The Four Certainties
These are characteristic marks of a buddha. The four certainties are:
1.) Certainty that his perfect enlightenment
2.) Certainty that all defilements are exhausted
3.) Certainty that all obstacles have been overcome
4.) Certainty of having proclaimed the way of abandoning samsära
Samsära - "journeying" ;
"the cycle of existences," a succession of rebirths that a
being goes through within the various models of existence until it has attained liberation
and entered nirväna.
The Four Foundations (Awakenings) of Mindfulness - Satipatthäna
Satipatthäna is one of
the fundamental meditation practices of the Hïnayäna, which
consists of (in order):
1.) Mindfulness of body
This includes mindfulness of inhalation and exhalation as well as of bodily posture, clarity of mind
during all activites, contemplation of the thirty-two parts of the body, analysis of the bodily elements,
and charnel ground contemplation.
2.) Mindfulness of feeling
This is where one recognizes feelings as pleasant, unpleasant, or indifferent, worldly or supramundane,
and sees clearly their transitory quality.
3.) Mindfulness of mind
In mindfulness of mind, every state of consciousness that arises is noted and recognized as passionate
or passionless, agressive or free from aggression, deluded or undeluded.

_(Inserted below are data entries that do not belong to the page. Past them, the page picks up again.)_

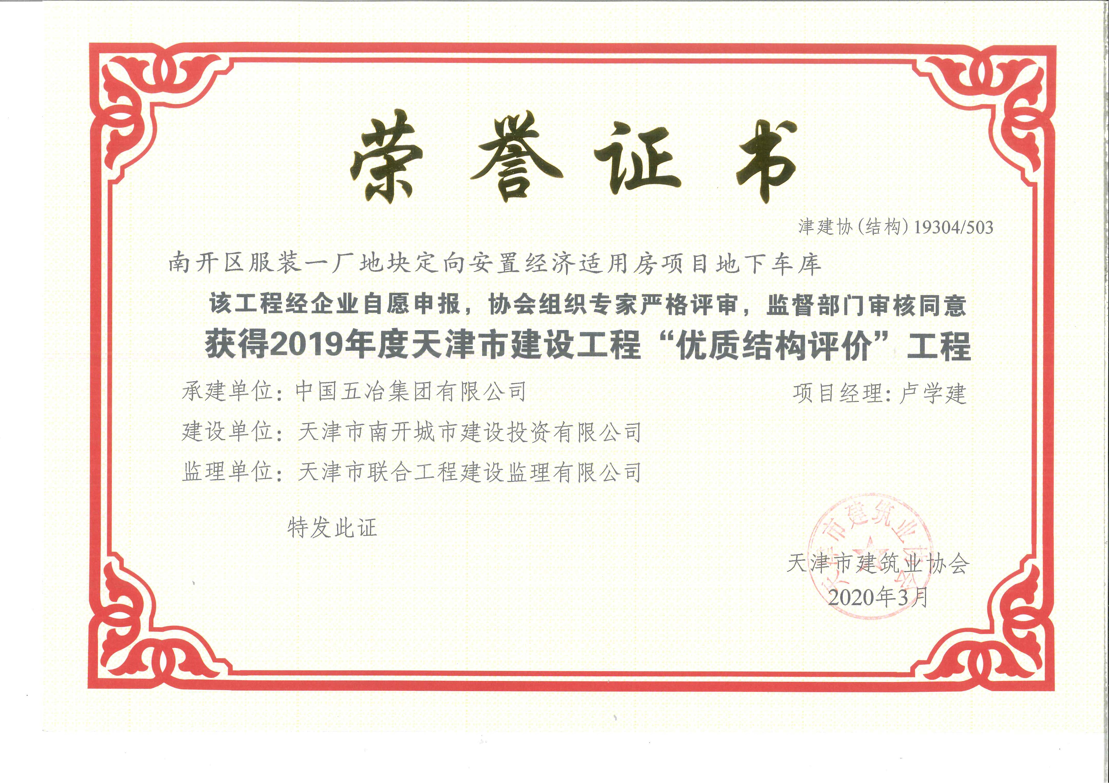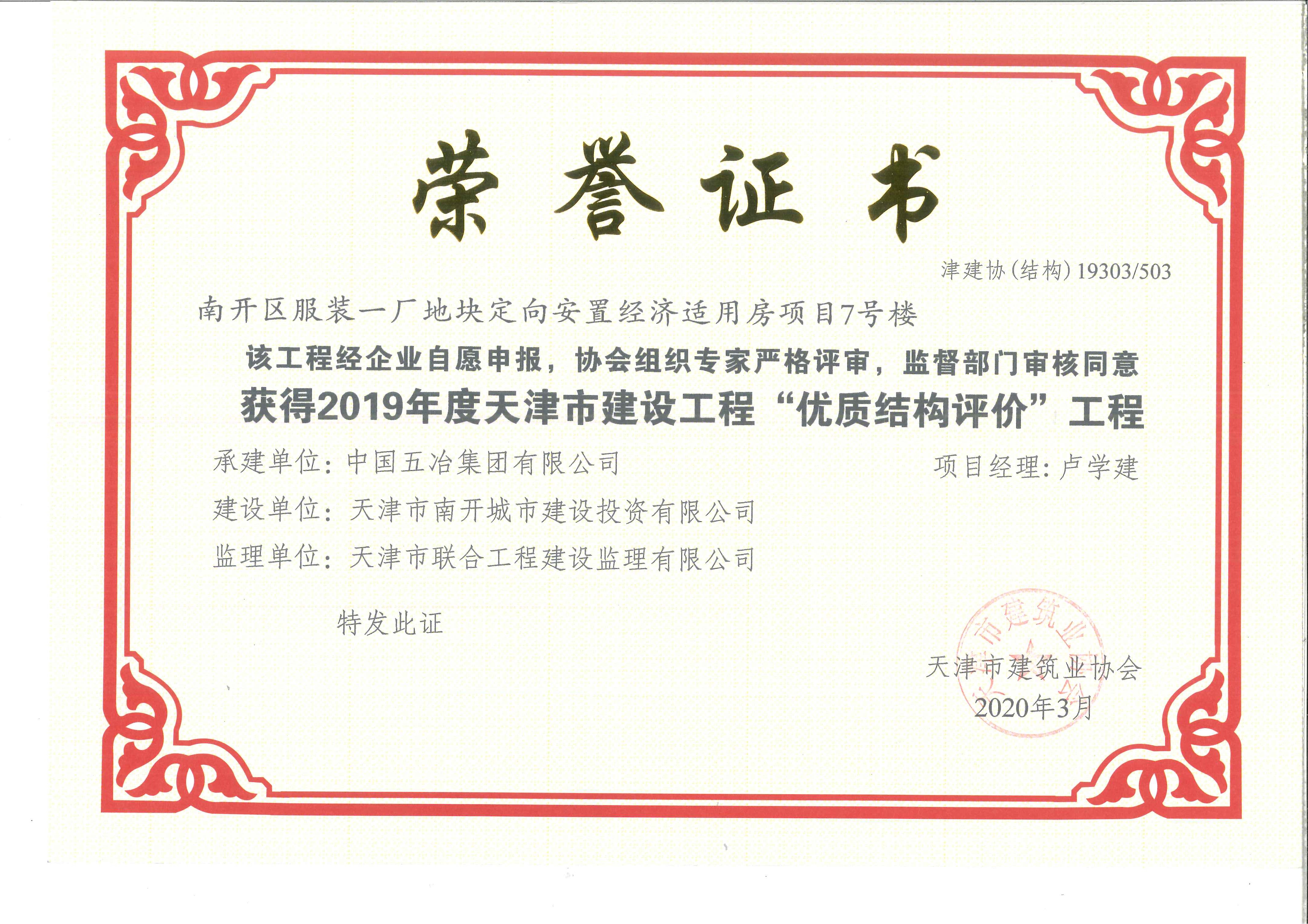 南開區(qū)服裝一廠地塊定向安置經(jīng)濟(jì)適用房-7#樓--2019年度天津優(yōu)質(zhì)結(jié)構(gòu)評價(jià)
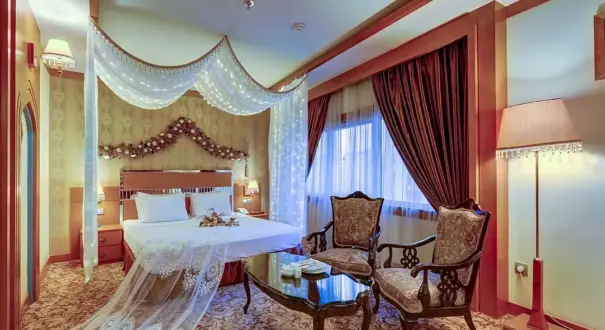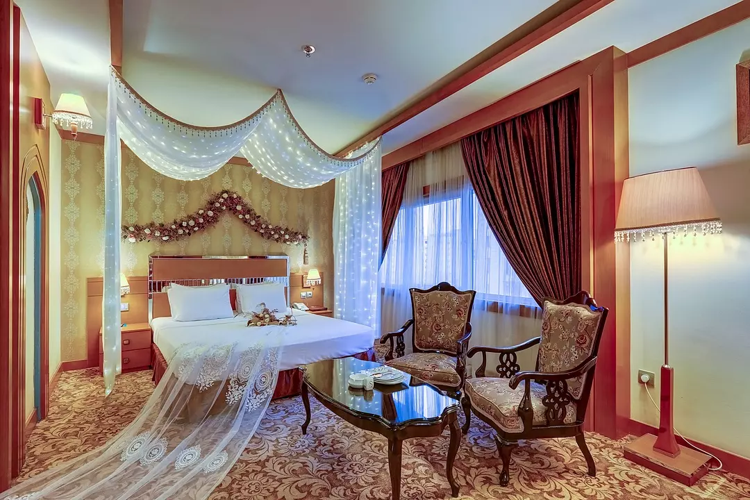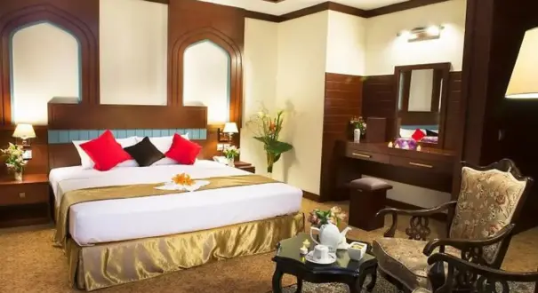 دستورالعمل ها ارائه مدارک شناسایی معتبر (شناسنامه و کارت ملی) برای همه افراد و مدارک محرمیت (شناسنامه) برای زوجین الزامی است پذیرش صیغه نامه معتبر زوجین ایرانی با مهر برجسته و ارائه شناسنامه و کارت ملی زوجین (خانم و آقا) امکان پذیر است نرخ اقامت میهمان غیرایرانی متفاوت است. به منظور استعلام دقیق نرخ لطفا با پشتیبانی تماس حاصل فرمایید. مدارک مورد نیاز برای پذیرش میهمان خارجی شامل اصل پاسپورت به همراه ویزا و مهر ورود به ایران با تاریخ اعتبار و انقضا میباشد امکان تغییر نام برای رزرو ثبت شده فراهم نمیباشد و اتاق فقط به شخصی که رزرو به نام ایشان باشد تحویل میگردد. در حین ثبت رزرو مشخصات تمامی میهمانان باید به درستی درج گردد. حداقل سن جهت اخذ اتاق بصورت انفرادی ۱۸ سال الزامی میباشد. تمامی افراد بزرگسال داخل یک اتاق می بایست محرم باشند. پذیرش ملیت ایرانی و خارجی در یک اتاق/ سوییت/کلبه/ آپارتمان/ ویلا به شرط احراز محرمیت است. مجموعه از پذیرش حیوانات خانگی معذور است. طبق قوانین هتل در صورت نقص مدارک شناسایی و عدم احراز هویت یا عدم رعایت هر یک از قوانین ذکر شده امکان پذیرش وجود ندارد و هزینه پرداخت شده مسترد نمی گردد. در این خصوص مسئولیتی متوجه هتل یا این شرکت نیست. دستورالعمل های ویژه به اطلاع مهمانان گرامی می رساند این هتل دارای استقبال و بدرقه رایگان فرودگاهی و راه آهن (فقط بدرقه) می باشد. به این منظور خواهشمندیم در زمان رزرو، شماره موبابل مهمان و اطلاعات پرواز (شماره پرواز، ساعت حرکت، مبدا، شرکت هواپیمایی) را در قسمت توضیحات مشخصات پرواز ثبت نمایید؛ یا اینکه تا حداکثر 24 ساعت قبل از ورود به هتل، اطلاعات پرواز و شماره همراه مهمان را به این شرکت اعلام نمایید. لازم به ذکر است که در صورت عدم اطلاع رسانی خدمات ترانسفر ارائه نمی گردد. قابل توجه میهمانان گرامی، خدمات ترانسفر هتل فقط برای پروازهای داخلی و میهمانان ایرانی انجام می پذیرد. خدمات ترانسفر فرودگاهی و راه آهن در بازه زمانی 7 الی 21 انجام می پذیرد. خارج از این ساعات خدمات ترانسفر انجام نمی پذیرد. در ایام تعطیلات و پیک، به دلیل مسدود بودن مسیر های منتهی به حرم، هتل از ارائه خدمات ترانسفر معذور میباشد. پذیرش خانم مجرد در این هتل پذیرش خانم مجرد و تنها بالای 18 سال و غیر بومی، با ارائه مدارک شناسایی معتبر شامل شناسنامه عکس دار و کارت ملی هوشمند امکان پذیر می باشد. هتل از پذیرش خانم مجرد و تنها بومی معذور است. قوانین کودک و نوزاد اقامت کودک زیر 2 سال در صورت عدم استفاده از سرویس رایگان می باشد. اقامت کودک با بازه سنی 2 تا 6 سال در صورت عدم استفاده از سرویس نیم بها محاسبه می شود. هزینه اقامت کودک بالای 6 سال کامل محاسبه می شود. لازم به ذکر است که اقامت رایگان یا نیم بها فقط برای یک کودک در نظر گرفته می شود.
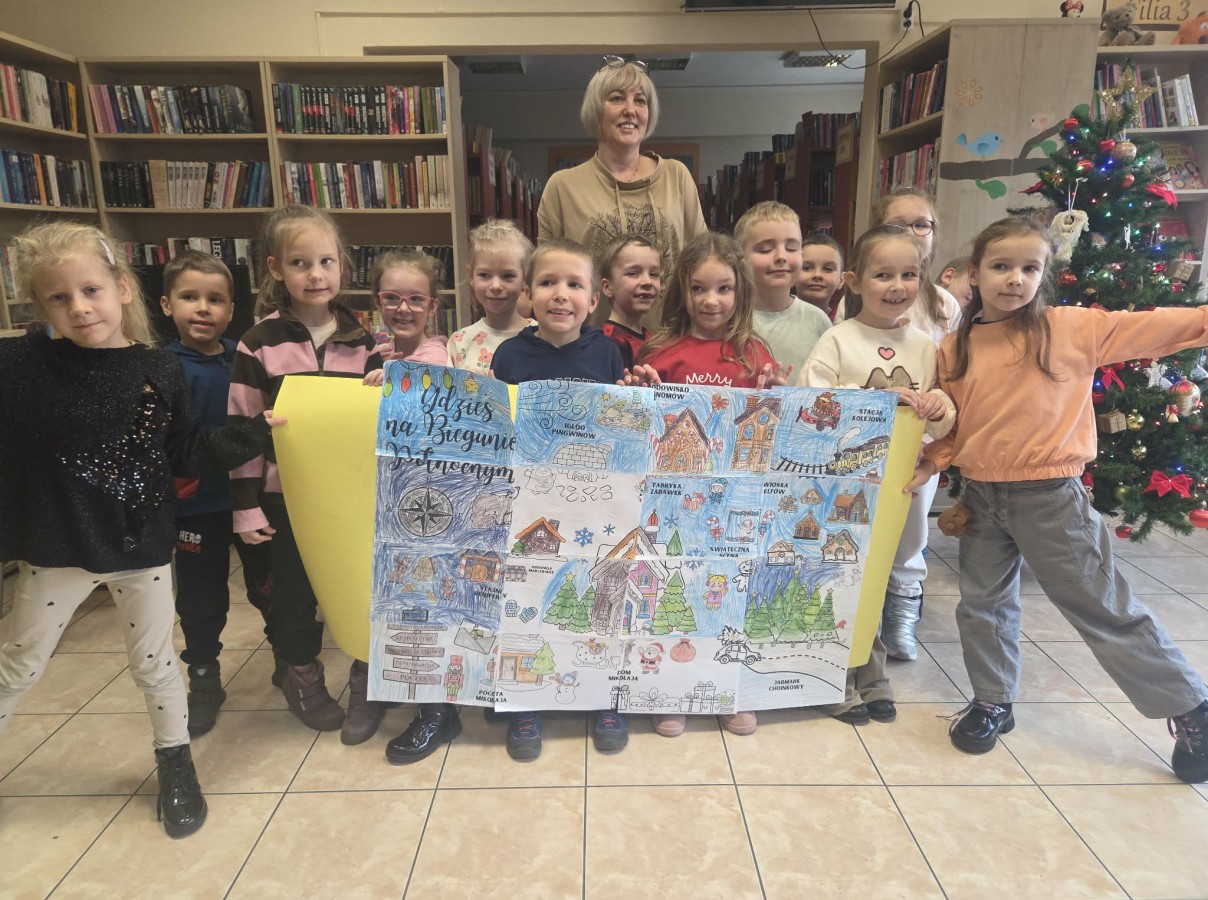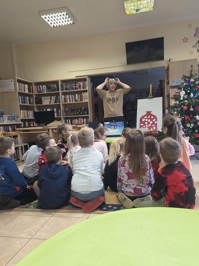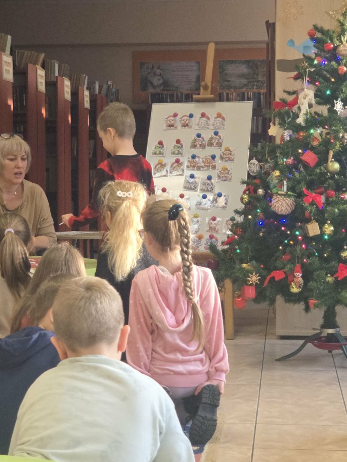 „Święta i zima w literaturze dla dzieci” to temat zajęć w Filii nr 3 Książnicy Płockiej, w których wzięły udział dzieci z naszej grupy 11 grudnia. Podczas spotkania poznały książki dla dzieci o zimowej i świątecznej tematyce. Największym zainteresowaniem cieszył się teatrzyk kamishibai, który wprowadził dzieci w magiczny, świąteczny nastrój. Przedszkolaki z uwagą słuchały opowiadania i oglądały ilustracje. Zajęcia przebiegały w radosnej atmosferze i były ciekawą okazją do rozwijania zainteresowań czytelniczych oraz wspólnego przeżywania zimowo-świątecznego klimatu.
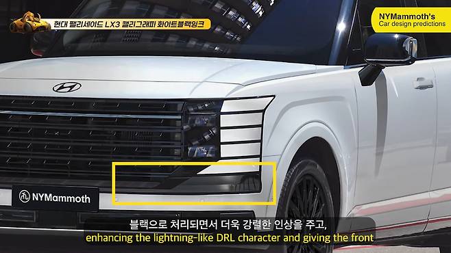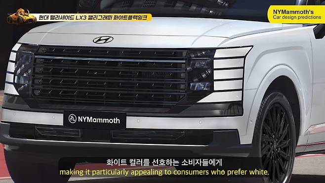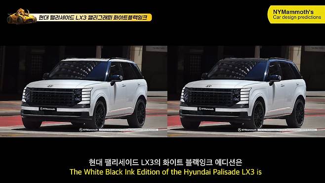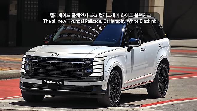 현대 팰리세이드 풀체인지 모델의 화이트 블랙잉크 모델의 예상도가 뉴욕맘모스에 의해 최초로 공개됐다. 화이트바디와 블랙 디테일의 완벽한 조합을 통해 새로워진 모습을 확인할 수 있었다.
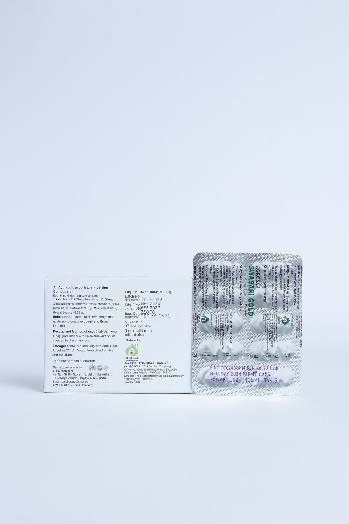 Agrosaf Swasari Gold Capsule – Respiratory & Lung Wellness Support (1×10 Capsules)
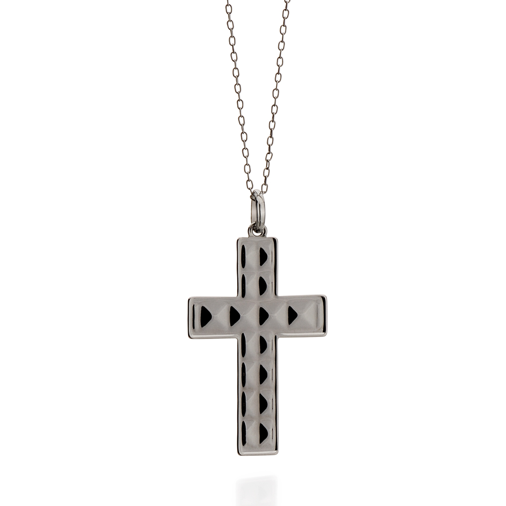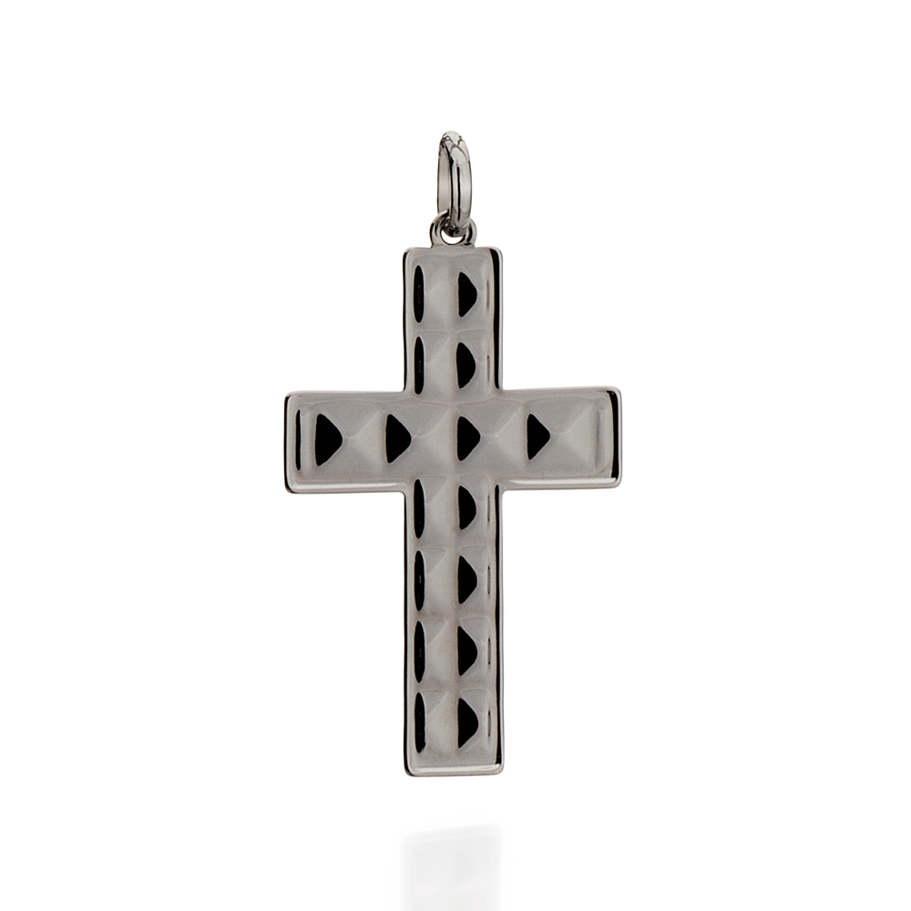 Pingente cruz estilizada com detalhes geométricos. Rommanel by mario queiroz

4.) Mindfulness of mental objects
In mindfulness of mental objects, one is aware of the conditionedness and inessentiality of things,
knows whether or not the five hindrances are present, recognizes the personality and the basic elements
of the mental process as consisting of the five skandhas, and possesses an understanding of the four
noble truths that corresponds to reality.
Skhandha - term for the five aggregates, which constitute the enirety
of what is gernerally known as "personality".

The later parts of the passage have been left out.